Annette Pehnt: Brennnesselsommer, Carlsen Verlag, Hamburg 2012, 125 Seiten, €7,50, 978-3-551-55588-5
„Nicht jeder muss so leben wie Fränzi, aber auch nicht jeder muss so leben wie ihre Eltern.“
Als neben Anjas und Flitzis Wohnhaus im Städtchen Lauterbach ein riesiger Laster hält und eine junge Frau nebst drei Hunden hinausspringt, verändert sich so einiges für die Mädchen.

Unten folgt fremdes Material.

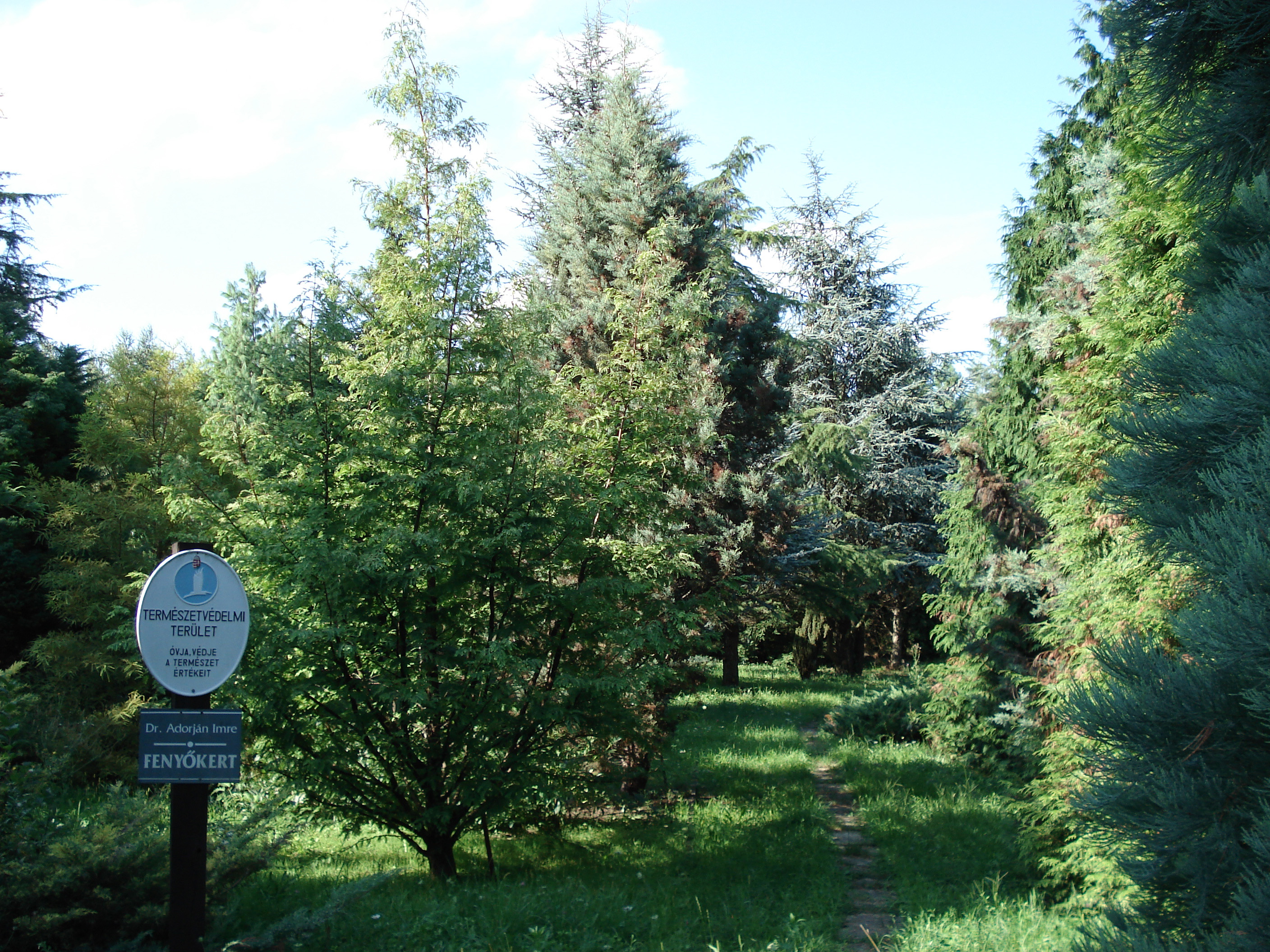 Botanical Garden Avas, Pine garden. Miskolc, Hungary
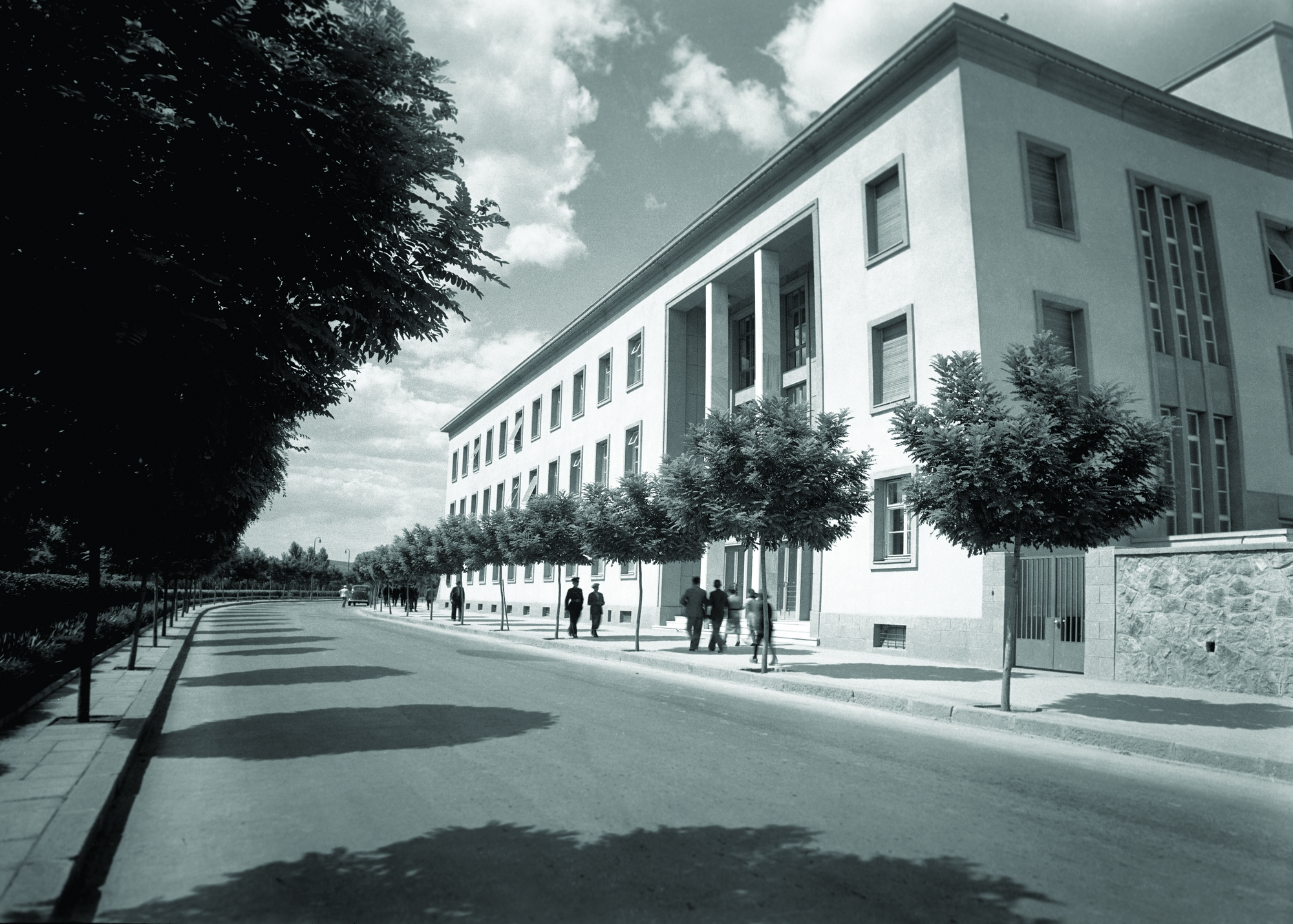 During the days when the photo was taken, Ankara Radio House used to do live broadcasting. Every Saturday, Radio Kids Club programme was broadcasted. Ankara Radio Station started broadcasting at the basement floor of Ankara Palas in 1927. After moving several times, it finally settled in its final destination at the Atatürk Boulevard since October 28, 1938. İstanbul and Ankara radio stations were managed through the Radio Department under the Directorate General of Press. General Director Vedat Nedim Tör was a man of culture. Mesut Cemil Tel was responsible for the music broadcasts at the radio. Muzaffer Sarısözen was managing the Choir of Voices from Homeland (Yurttan Sesler Korosu). Atatürk Bulvarı, Radyoevi, 1940’lı yıllar. Ankara Radyoevi’nde canlı yayın yapılıyordu o yıllarda, fotoğrafın çekildiği 1940’larda. Her cumartesi günü Radyo Çocuk Kulübü’nden yayını yapılırdı. Ankara Radyosu, Ankara Palas’ın bodrum katında 1927’de yayına başlamış. Birkaç yer değiştirdikten sonra 28 Ekim 1938’de itibaren Atatürk Bulvarı üzerindeki son durağında. İstanbul ve Ankara radyoları, Matbuat Umum Müdürlüğü’ne bağlı Radyo Dairesi’nden yönetiliyor. Umum Müdür bir kültür adamı, Vedat Nedim Tör. Radyo’da müzik yayınları Mesut Cemil Tel’den soruluyor. Yurttan Sesler Korosu’nu Muzaffer Sarısözen çalıştırıyor.
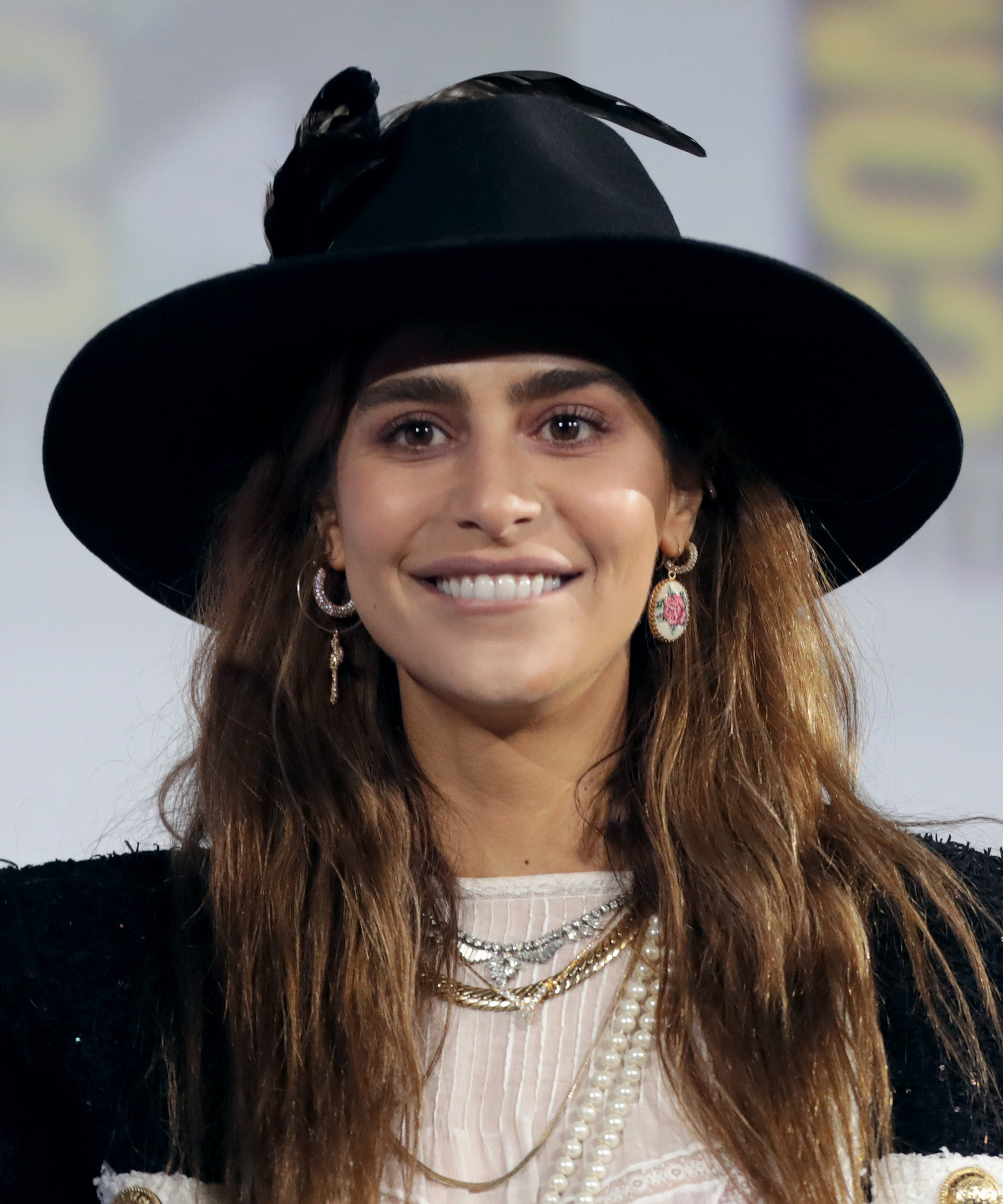 Nadia Hilker speaking at the 2019 San Diego Comic-Con International in San Diego, California.

Fränzi, die junge Frau mit den langen Dreadlocks, zieht in die alte Bruchbude nebenan. Sie ackert wie eine Wilde, räumt den Müll fort und rodet Brennnesseln, um aus dem Haus ein Heim, den Gnadenhof, für sich und ihre Tiere aufzubauen. Sie ist eine seltsame Erwachsene, finden die Mädchen, denn sie sagt immer, was sie denkt, ohne Rücksicht. Wenn sie keine Antwort weiß, dann redet sie eben nicht. Sie hat keinen Fernseher, keine Möbel und offenbar wenig Geld. Aber sie backt prima Waffeln.

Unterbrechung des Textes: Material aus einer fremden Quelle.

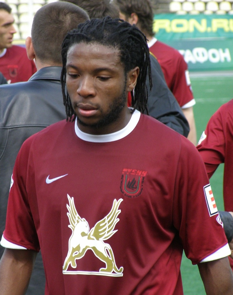 MacBeth Sibaya in action for FC Rubin
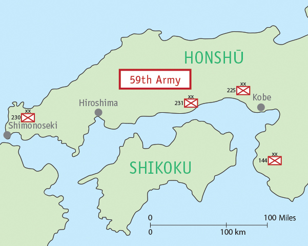 Field of operation of IJA 59th army, 1945
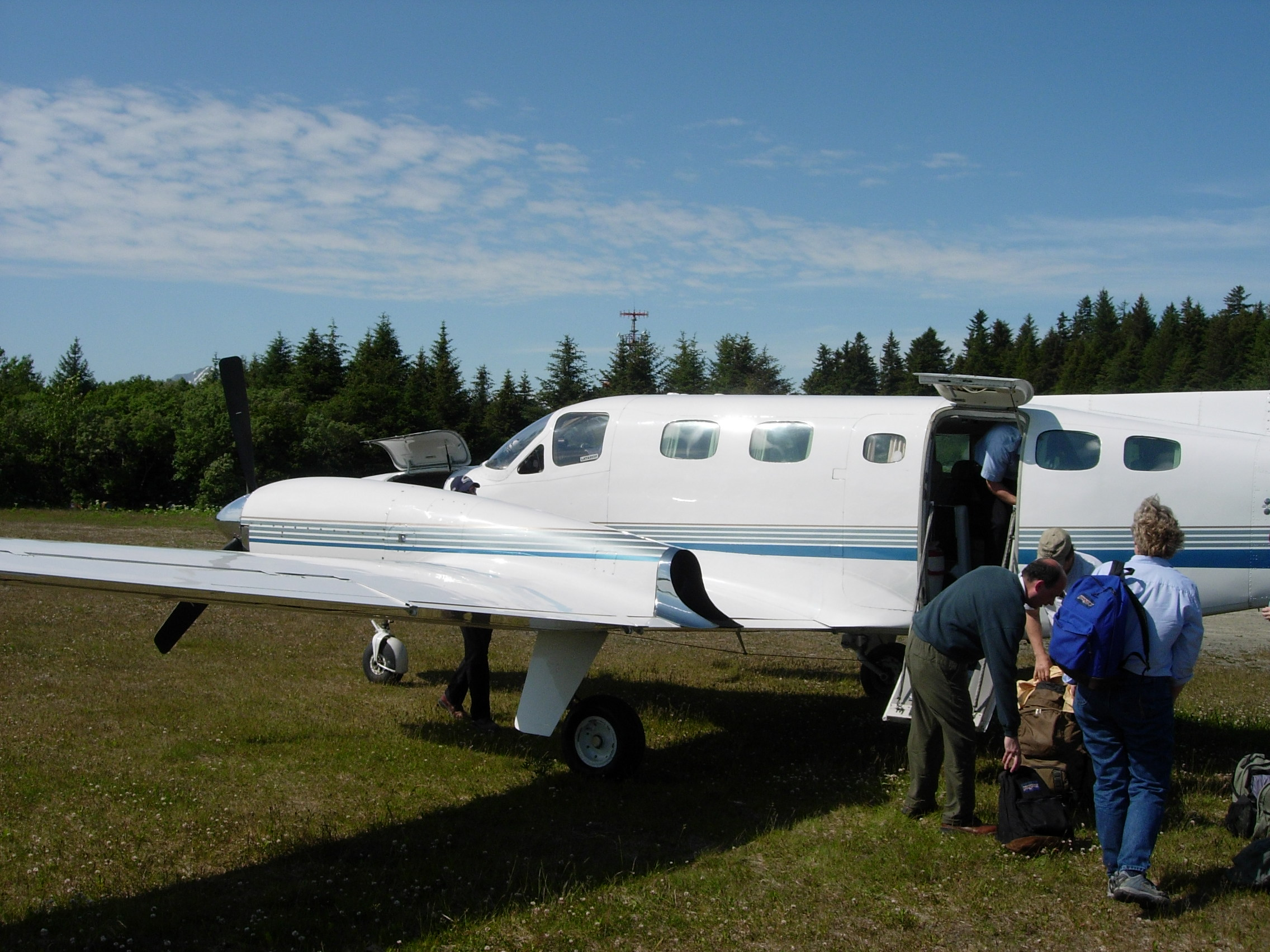 The plane that took us from Anchorage to Cape Yakataga.

Und Fränzi organisiert sich ihre Tiere. Anfänglich sind sich die Mädchen nicht klar darüber, ob Fränzi die kranken Tiere klaut oder rettet. Nach einer Weile verbringen die Geschwister immer mehr Zeit mit Fränzi und den Hunden, Hühnern, Kaninchen und Ziegen als bei sich zu Hause. Und die lockere Fränzi legt wenig Wert auf die Regeln, die für Anja und Flitzi bei Papa und Mama so wichtig sind. Als Fränzi ihr Haus maisgelb anstreicht, denken die Mädchen, dass ihre graue Schule auch einen bunten Anstrich vertragen könnte. Mit Fränzis Hilfe hinter dem Rücken der Eltern streichen die Kinder mit Freunden die Schulwand an. Fragt sich, ob sie ihr Werk signieren? Und sie trauen sich. Aber dann bekommt Flitzi doch Angst und erzählt alles den Eltern. Sie finden es gar nicht so schrecklich und allen fällt ein Stein vom Herzen.

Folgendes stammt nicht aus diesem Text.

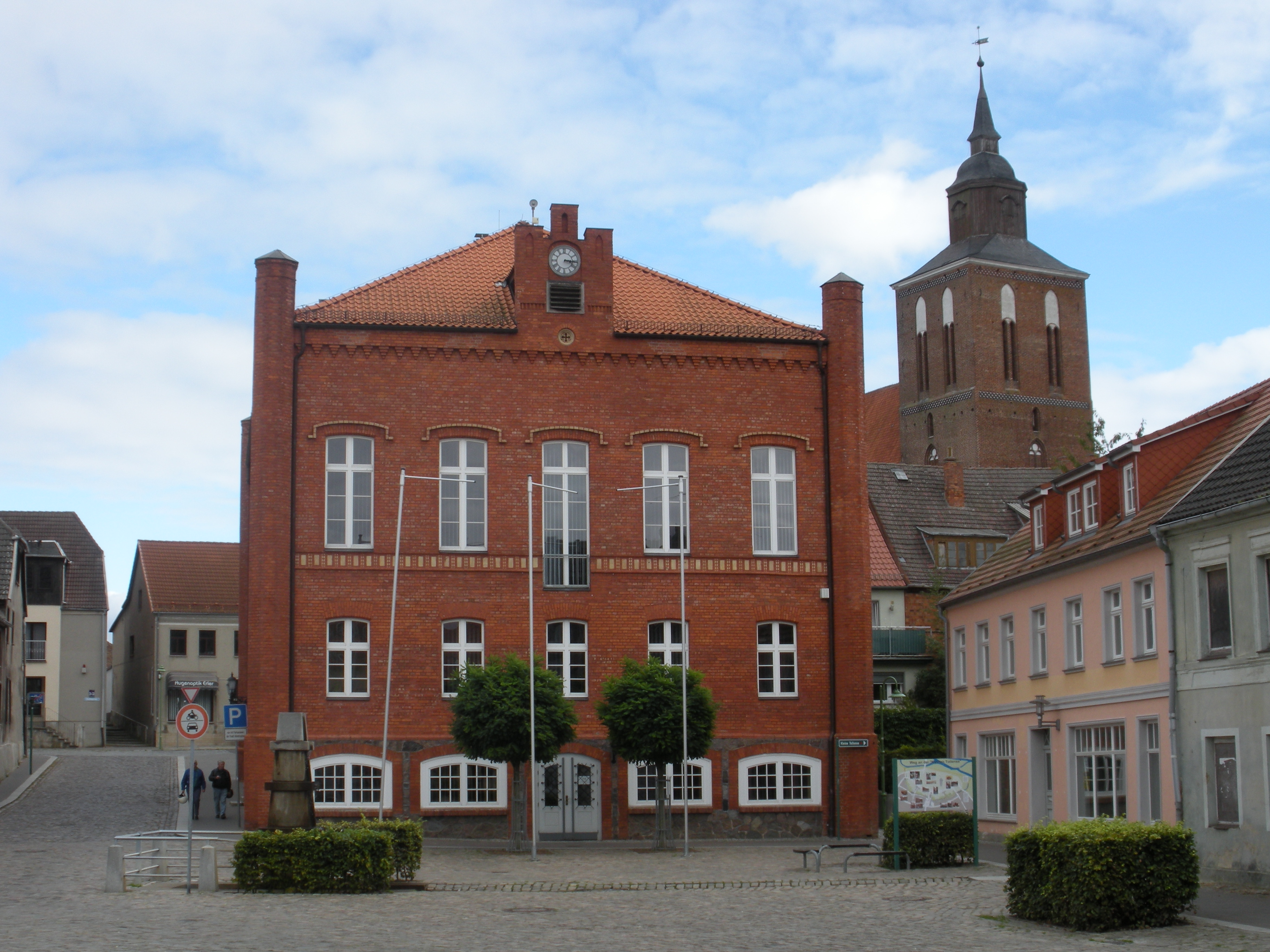 Town Hall and Protestant Church of St. Petri in Altentreptow, Landkreis Demmin

Als Fränzi dann aber eine Genehmigung für ihr Tierheim, was es ja gar nicht ist, liefern soll, organisiert sie eine Demo mit ihren unkonventionellen Freunden. Jemand hat sie angezeigt. Jetzt geraten die Mädchen in einen Gewissenskonflikt. Sollen sie nun mit durch die Straßen ziehen oder nicht? Flitzi soll die Eltern, die Fränzis Freunde nicht gerade nett als Hippies bezeichnet haben, fragen. Doch ohne lang zu warten geht Anja einfach mit. Nach diesem Tag, immerhin hat die Polizei die Demo aufgelöst, herrscht in Anjas Familie eine seltsame Stimmung gegen Fränzi. Anja bedrückt das sehr. Sie beschließt für sich, dass sie zu Fränzi umziehen möchte, denn sie glaubt, dass Fränzi trotz Tiergemeinschaft einsam ist. Anja möchte gern mit den Tieren leben, helfen. Sie hofft, dass die Eltern mit ihrer Fußmatte am Eingang, den Zierbeeten und Servietten neben dem Teller auch allein glücklich werden. Fränzi jedoch ist klug. Sie schlägt vor, dass Anja ja erstmal eine Nacht im Schlafsack bei ihr übernachten könnte. Anjas lebenserfahrene Mutter gibt den Weg frei und Anja schläft die anderen Nächte wieder zu Hause.
Dann geschieht ein gemeiner, brutaler Überfall auf Fränzi, die geschundene Pferde retten wollte. Und es stellt sich heraus, dass jemand das Pachtland von Fränzi kaufen will.
Annette Pehnt hat einen feinfühlig geschriebenen Roman über die Erfahrungswelten von Kindern vorgelegt. Sie lernen Neues kennen und vergleichen zwischen dem Vertrauten und einer anderen Lebensform. Anja stellt sich vor, dass sie Fränzis Tochter wäre und nicht in die Schule müsste. Gleichzeitig sieht sie, wie viel Raum ihr die Mutter zugesteht, damit sie sich ihre eigenen Gedanken machen kann. Die Träumerin Fränzi stößt dann auf die reale Welt und die kann sehr unangenehm werden, denn irgendwie lebt die junge Frau doch irgendwie hinter dem Mond.
Leider endet der Kinderroman seltsam abrupt. Der versöhnliche Ausgang mag beruhigen, aber er sorgt für Irritationen bei jungen Lesern.